Klingberg, who cut his ties with the KGB in 1977 for fear he would get caught, thought that if he ignored the attempts to contact him, Moscow would simply forget about him. But the KGB was not willing to simply give up on such an asset and kept trying to contact him through different channels.
Eventually, in late 1981, the Soviets sent two of their agents to seek out Klingberg—”Shomroni” and “Jupiter.” The double agents informed the Shin Bet about this, and the agency placed surveillance on Klingberg and collected information on his activities. Klingberg was later caught and sentenced to 20 years in prison.
“Shomroni” remained a double agent for the Shin Bet until the collapse of the Soviet Union in 1991. After that, he continued thriving in business and found his way to the centers of power in Israel.
The Russians made great efforts to bring about Klingberg’s release, including proposing a prisoner swap that included Jonathan Pollard and Ron Arad in return for their spy. These efforts were led by a KGB officer who was, at the time, a rising star in the agency—one Vladimir Putin.

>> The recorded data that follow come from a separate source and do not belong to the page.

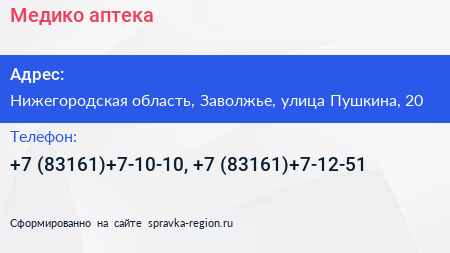 Медико, аптека по адресу Нижегородская область, Заволжье, улица Пушкина, 20 в дальнейшем Организация, размещена в следующих категориях: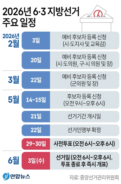 예비후보자 등록 신청은 시도지사, 교육감은 내년 2월3일(선거일 전 120일)부터, 시장·구청장과 광역·기초의원은 내년 2월20일(선거기간 개시일 전 90일)부터, 군수·군의원은 내년 3월22일(선거기간 개시일 전 60일)부터다.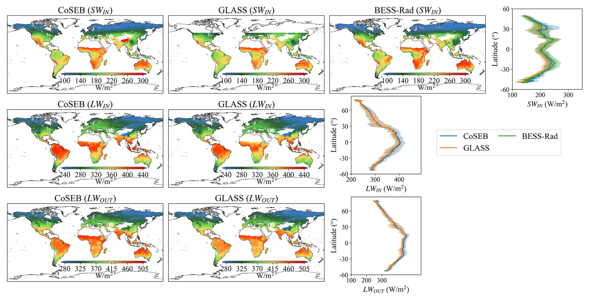 Figure 11Spatial patterns of global mean annual downward shortwave radiation (SWIN, the first row), downward longwave radiation (LWIN, the second row) and upward longwave radiation (LWOUT, the third row) from 2001 to 2018 by CoSEB-based datasets, GLASS and BESS-Rad. The rightmost subfigure of each row represents the latitudinal profiles of mean annual SWIN, LWIN and LWOUT from CoSEB-based datasets, GLASS and BESS-Rad, where the shaded area represents the variation of standard deviation for each product.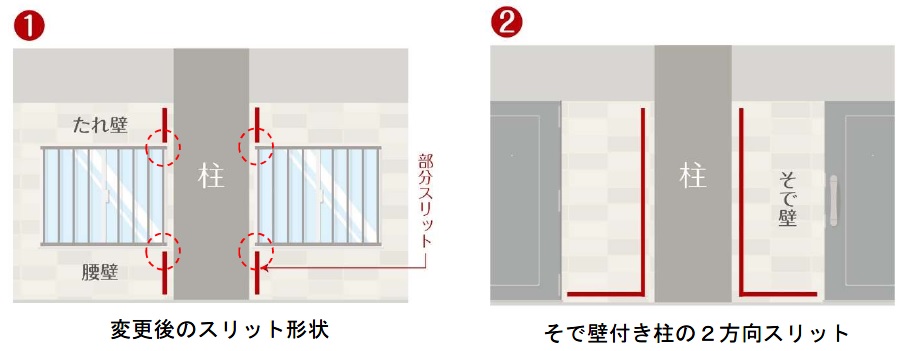 ①腰壁・たれ壁付き柱のスリット形状の変更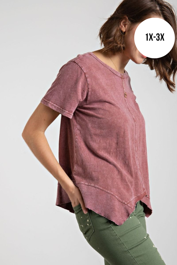 This top features a rounded neckline, visible seams, a shark bite hem, and a mineral-washed finish for a relaxed, worn-in look.

“Unlike other spies who were caught in Israel, Klingberg was to us a senior official, and it was very important to us to get him released,” says Kalugin, the former KGB general. “Both morally and to show our loyalty to the people we sent.”
But all of that was to no avail. Klingberg served out his full 20-year sentence (some of it on house arrest) and left Israel upon his release. He died in 2015.